— ACTIVITY —
Every line below from the one with "Om alle onderdelen" through the one with "In de ochtend" is to be repeated exactly, with no picture among them.

[DATA PROVIDED Boundary: Start]

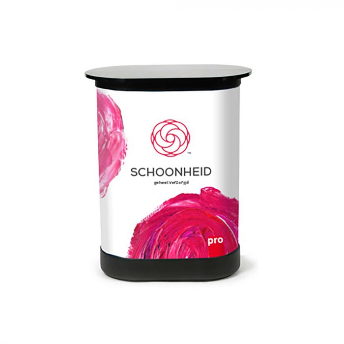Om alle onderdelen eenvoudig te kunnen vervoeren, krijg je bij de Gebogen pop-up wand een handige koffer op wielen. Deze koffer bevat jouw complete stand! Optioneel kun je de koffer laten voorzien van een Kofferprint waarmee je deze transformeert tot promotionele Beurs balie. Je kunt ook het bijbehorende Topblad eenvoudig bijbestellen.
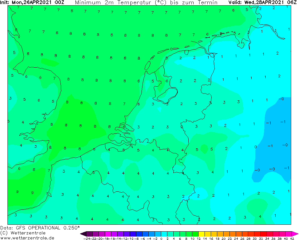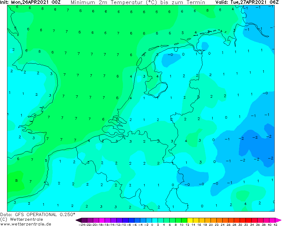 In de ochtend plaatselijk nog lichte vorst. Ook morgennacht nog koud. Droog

[DATA PROVIDED Boundary: End]
[DATA PROVIDED Boundary: Start]

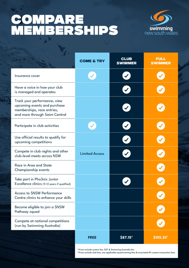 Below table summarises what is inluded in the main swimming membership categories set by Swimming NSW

[DATA PROVIDED Boundary: End]

— RESPONSE BOX —
Om alle onderdelen eenvoudig te kunnen vervoeren, krijg je bij de Gebogen pop-up wand een handige koffer op wielen. Deze koffer bevat jouw complete stand! Optioneel kun je de koffer laten voorzien van een Kofferprint waarmee je deze transformeert tot promotionele Beurs balie. Je kunt ook het bijbehorende Topblad eenvoudig bijbestellen.
 In de ochtend plaatselijk nog lichte vorst. Ook morgennacht nog koud. Droog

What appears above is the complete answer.